Culture as Resource? the Function of Literary Research and Criticism in Canada

Article excerpt

THE SESSION at ACCUTE's 2007 conference that prompted this Readers' Forum was, I think, a unique one because of the combination of bombast and honest inquiry with which Stephen Slemon wrote the initial call for papers. I felt that I was included in that session in part as a representative of those students who have recently undergone what Slemon called in his CFP the "bait-and-switch" methods of graduate programs, having been promised the possibility of intellectual inquiry and pleasurable reading and then discovering the necessity of conforming to our rigid codes of academic conduct. I recently completed my PHD at the University of Toronto and am hence certified in what Slemon called the "manufacture of tortured analytical documents." As I attempt to go on into an academic career via my current postdoctoral position at the University of Guelph, my hopes lie in institutional change, in the possibility of writing differently, and in the possibility of presenting challenges through my work. Myriad difficulties stand in the way, however, of mine and my colleagues' attempts to gain entry through the gatekeeping system of literary criticism. My goal here is to briefly consider some of what I see as the rising challenges to English Studies in Canada and to suggest where hope might lie for those of us entering the field. I argue that the economic rationalization of our academic work threatens our already compromised academic freedom, limiting us to writing the sorts of self-contained literary analyses with which we are so familiar and hindering our examinations of the material elements of textual production.

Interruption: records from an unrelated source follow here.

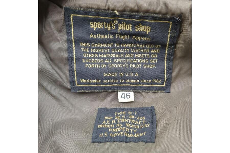 それは、Sporty’s Pilot Shopからリリースされた、型番954383282のゴートスキン製フライトジャケット、ダークブラウンのSIZE 46、80年代USA製のヴィンテージG-1です。
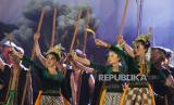 Adegan perjuangan istri Raden Haji (RH) Alit Prawatasari bersama para prajurit melawan penjajah saat drama tari kolosal berjudul Silalatu Gunung Gede karya sutradara Indra Budiaji yang digelar Lingkung Seni Lembang Hiji SMPN 1 Lembang, Kabupaten Bandung Barat, Ahad (28/5/2023). (FOTO : Edi Yusuf/Republika)
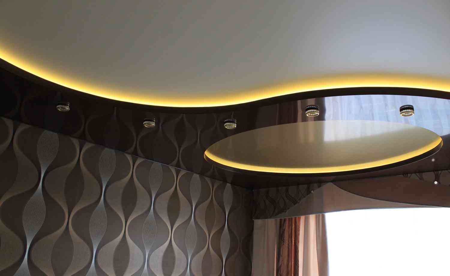 - Curvilinear the ceiling is more complicated but more popular. It can imitate various forms, which ultimately visually changes the geometry of the room.

I approach the nexus of competing academic and literary struggles by asking the perhaps obvious legal question of cui bono. That is, who benefits from literary criticism? Who benefits, moreover, from the particular forms that it has taken? The phrase cui bono carries with it a sense of hidden guilt, I think, or a slightly conspiratorial meaning that suggests that an act might be to the benefit of actors unseen or unsuspected. So, cui bono? In an obvious sense, I think, literary criticism is a circular process, benefiting those who write it, edit it, and circulate it. The benefits are often tangential: by writing a paper or an academic book, one might find oneself interviewed for a position, given a salary increase, or be successful in one's tenure review. Similarly for those who participate in the publishing process. In all of these senses, there is an economic benefit to literary criticism. There is, of course, an intellectual benefit as well, as our ideas circulate in order to create an abstract collective benefit, one that allows us to participate in academic discussions, furthering knowledge. But at this point we might begin to have new questions. What does it mean to further knowledge? Why do we want to do so? These questions link, for me, into the questions that I have for our funding bodies. Why should our research be funded? Why should a body like the Social Sciences and Humanities Research Council (SSHRC) give tax dollars to the tortured forms that literary criticism has taken? Without trying to sound like the Canadian Taxpayers' Federation or the Fraser Institute, I think that these are genuine questions. This questioning will readily come from those outside of the discipline, and it is, therefore, important that we consider these questions critically so that we can have good answers.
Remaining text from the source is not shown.